Pierwszy kawałek mięsa z labu, który Josh Tetrick wziął do ust,wyglądał całkiem jak nuggets z kurczaka. Smażony na głębokim tłuszczu, z chrupiącą, złotą skórką. „Jego widok miałem zakodowany w głowie od czasów, kiedy dorastałem w Alabamie i jadałem nuggetsy w McDonald’s i Burger Kingu. To podobieństwo zrobiło na mnie kolosalne wrażenie” – wspomina Tetrick, który kieruje start-upem Just z San Francisco. Rzeczony nugget jest dziełem tej właśnie firmy i pochodzi z kurczaka imieniem Ian. Należy podkreślić fakt, że w czasie degustacji Ian był żywy i cieszył się niezłym zdrowiem.

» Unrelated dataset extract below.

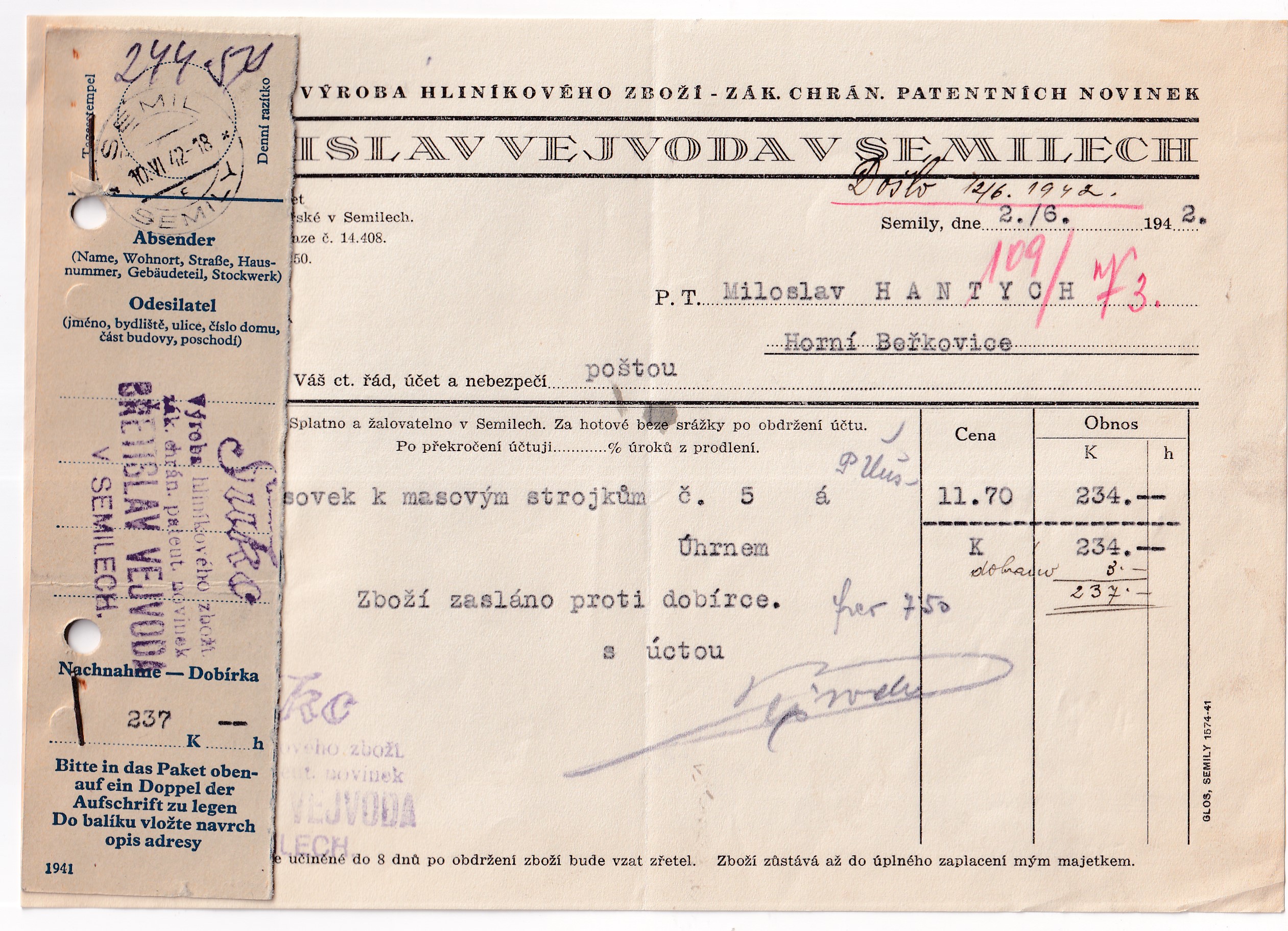 HomeObchodÚčtyÚčet, hliníkové zboží, Semily, 1942

Kiedy Tetrick z kolegami wgryzał się w jego mięso, Ian dziarsko śmigał dookoła po trawniku. W jednym z promocyjnych filmów Tetrick opisuje ten surrealistyczny moment: „Zdaliśmy sobie sprawę, że już nie musimy zabijać, żeby tworzyć żywność”. Mięso firmy Just – a podkreślmy fakt, że to jest prawdziwe mięso – jest produkowane w procesie laboratoryjnej hodowli zwierzęcych komórek. Pobiera się je z pióra, nie czyniąc stworzeniu żadnej krzywdy. Komórkom są następnie podawane składniki odżywcze, takie same, których potrzebuje żywy organizm, a one zaczynają się namnażać, stając się niewyczerpanym źródłem nuggetsów. Albo wołowiny, jagnięciny czy ryb – zależnie od źródła.

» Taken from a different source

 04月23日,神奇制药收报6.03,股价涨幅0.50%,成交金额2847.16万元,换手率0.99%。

W teorii jedno pióro powinno wystarczyć, by zaspokoić cały światowy popyt na zwierzęce białko. Kurczaków firmy Just nie znajdziesz jeszcze w sklepach. Nie dość, że nie ma odpowiednich uregulowań prawnych, to na dodatek koszt produkcji wciąż jest o wiele za wysoki – jeden nugget kosztuje około 400 zł. Tetrick nie wierzy jednak, że to długo będzie przeszkodą. Jako przykład przywołuje błyskawiczny rozwój telefonów komórkowych, które jeszcze w latach 80. XX wieku były „gigantycznymi klocami noszonymi jedynie przez bankierów z Wall Street”, a teraz mieszczą się w kieszeni każdego dzieciaka.
Technologia hodowli mięsa ma się według niego rozwijać równie szybko. W tej sytuacji za dobry omen należy chyba traktować fakt, że głównym inwestorem przedsięwzięcia jest Bill Gates. „Oczami wyobraźni widzę świat, w którym jedynym mięsem będzie to sztuczne, i będzie je można kupić wszędzie. I jest bardzo prawdopodobne, że to wydarzy się w ciągu kilkudziesięciu lat” – mówi Tetrick.